## Input data
=== Section Start ===

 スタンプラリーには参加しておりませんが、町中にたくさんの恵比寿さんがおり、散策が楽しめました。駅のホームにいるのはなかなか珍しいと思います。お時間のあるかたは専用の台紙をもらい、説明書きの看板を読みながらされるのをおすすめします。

=== Section End ===
=== Section Start ===

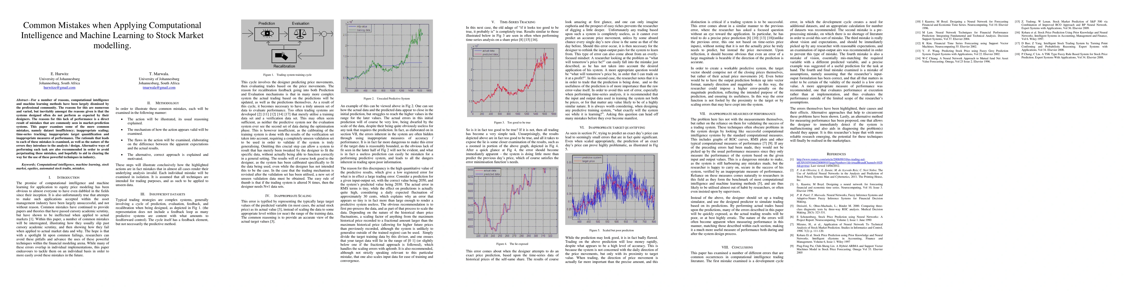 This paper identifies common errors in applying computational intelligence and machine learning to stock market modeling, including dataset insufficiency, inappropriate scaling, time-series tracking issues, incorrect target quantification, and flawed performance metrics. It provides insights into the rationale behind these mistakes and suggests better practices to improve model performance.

=== Section End ===
=== Section Start ===

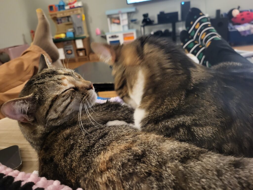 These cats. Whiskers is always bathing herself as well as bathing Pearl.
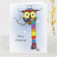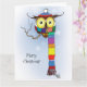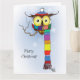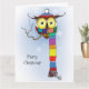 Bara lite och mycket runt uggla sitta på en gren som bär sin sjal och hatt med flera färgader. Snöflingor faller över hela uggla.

=== Section End ===

## Activity
Range to copy from the records above: the line containing "These cats. Whiskers" to the line containing "Bara lite och", both included. Output those lines exactly and only those, skipping pictures.

## Exercise response
 These cats. Whiskers is always bathing herself as well as bathing Pearl.
 Bara lite och mycket runt uggla sitta på en gren som bär sin sjal och hatt med flera färgader. Snöflingor faller över hela uggla.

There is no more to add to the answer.